Павел вдруг запнулся и замолчал. Олег подумал, что он просто высказался, но на самом деле он мысленно продолжал свою речь.

«Или знает и потому сделал это намеренно», – закончил про себя Павел.

– Как именно лежало тело? – быстро спросил он, уже гораздо более спокойно, но всё равно с раздражением.

Олег посмотрел на пол возле дверей, почесал затылок.

– Ну, короче…

– Покажи на себе, – жёстким тоном приказал Павел.

– Чего?

– Я сказал – покажи.

– Э‑э‑э…

– Что конкретно в этом коротком слове тебе непонятно?

В голосе Павла, кроме раздражения и нетерпеливости, наконец, прорвалась угроза. Олег слишком хорошо знал, что это означает. Под дверью в камеру растеклось большое размазанное пятно крови, так что Олег отошел в сторону, где пол был чистым, и принялся укладываться, чтобы показать, как лежало тело, но Павел остановил его.

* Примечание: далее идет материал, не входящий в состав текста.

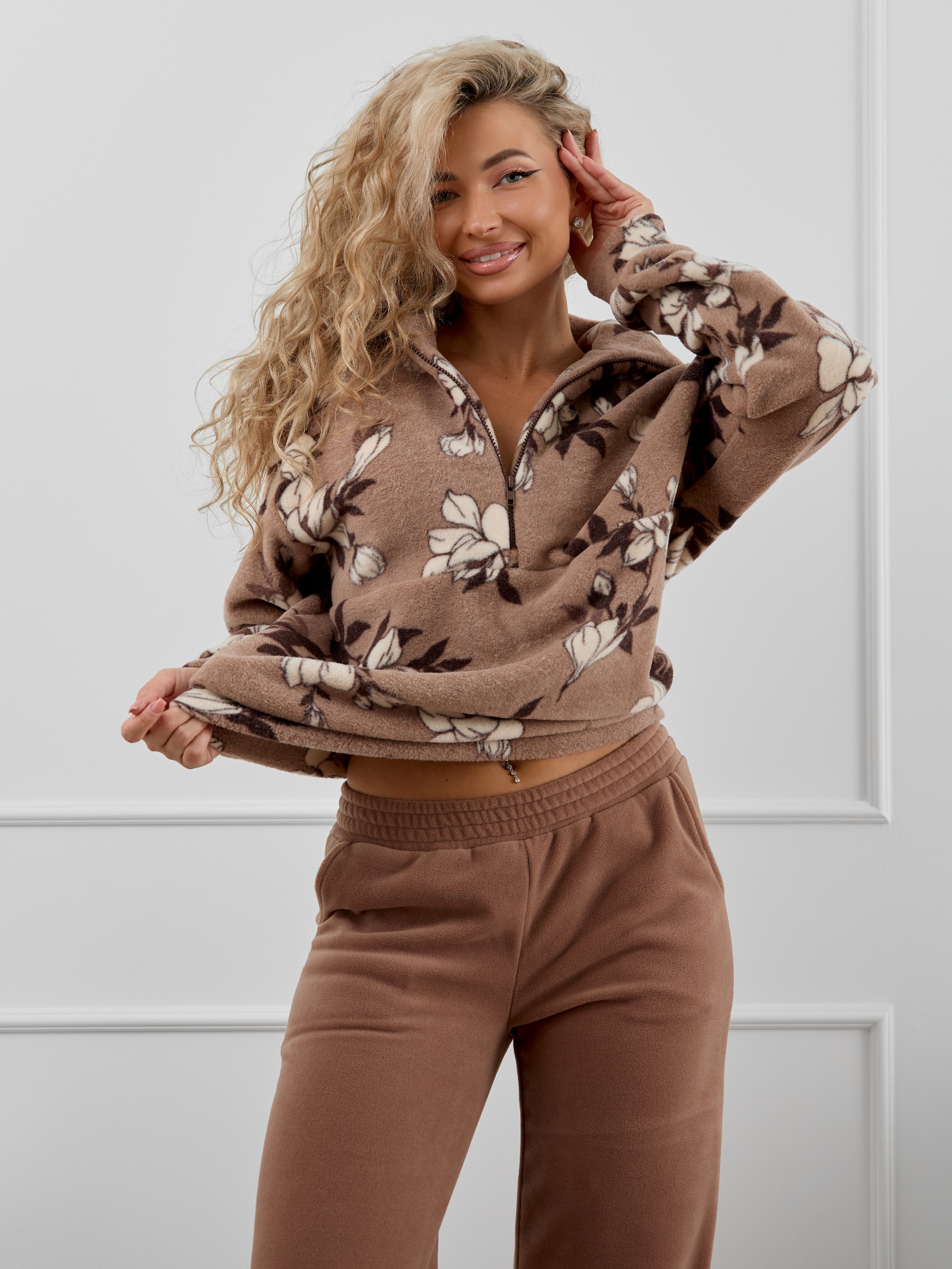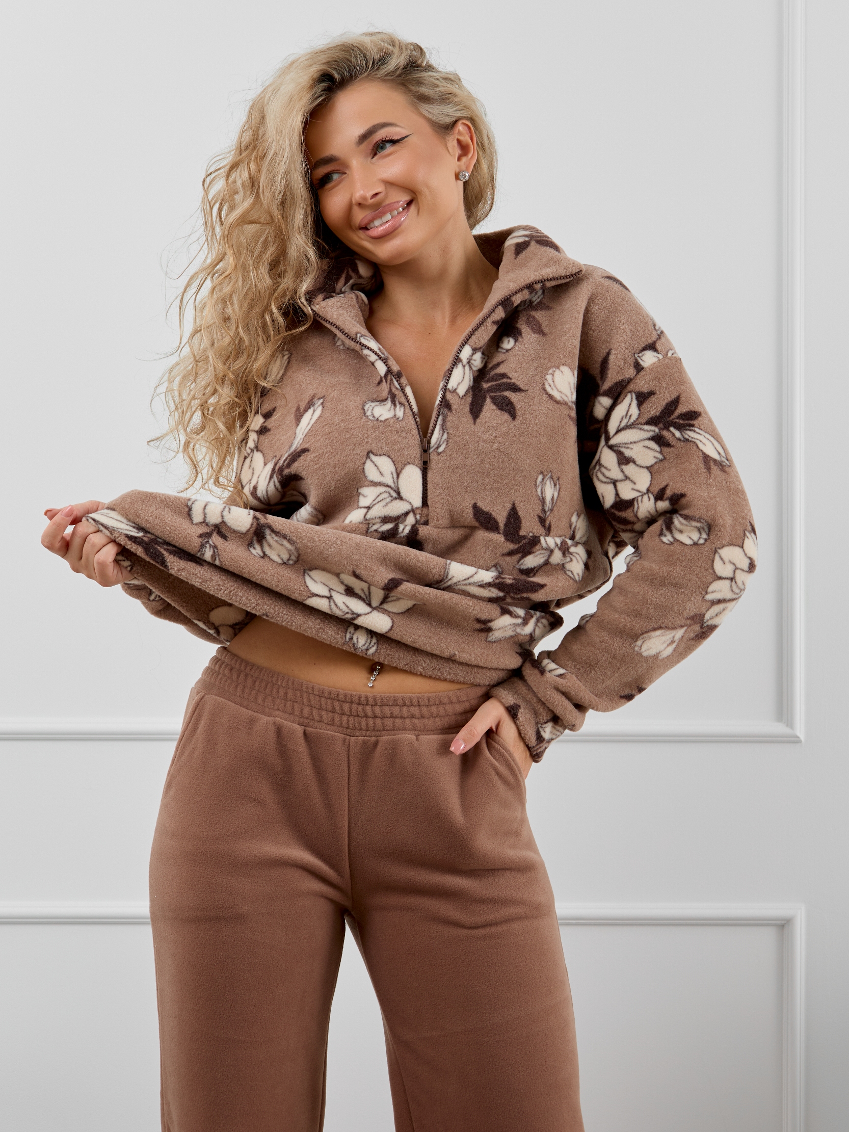 Женский флисовый костюм – стиль и тепло в одном комплекте. Мягкий и плотный флис надежно сохраняет тепло, делая костюм идеальным для холодной осени и зимы. Этот костюм - универсальное решение для различных ситуаций. Он может использоваться как пижама для сна и отдыха, как домашний костюм, а также как повседневная одежда для прогулок и спорта. Женский домашний костюм состоит из толстовки с воротником-стойкой на молнии и прямых брюк с карманами. Костюм сидит свободно и не сковывает движения, что делает его идеальным вариантом для активного образа жизни. Разнообразие расцветок и широкий размерный ряд позволит любой девушке и женщине подобрать себе и своим любимым подходящий флисовый спортивный костюм.

– Не там. Покажи в том месте, где лежало тело, – сурово потребовал он, выделив слово «том».

– Но ведь там же… – опешил Олег.

– Товарищ полковник… – Пётр Викторович, озадаченный таким требованием, попытался заступиться за парня.

Даже ошарашенный Сашок что‑то промямлил со своего места.

– Пётр Викторович, не встревай, – довольно мягко, но так, чтобы прокурор понял, что спорить бесполезно, перебил его Павел. К Олегу же он обратился холодным, стальным голосом. – Показывай.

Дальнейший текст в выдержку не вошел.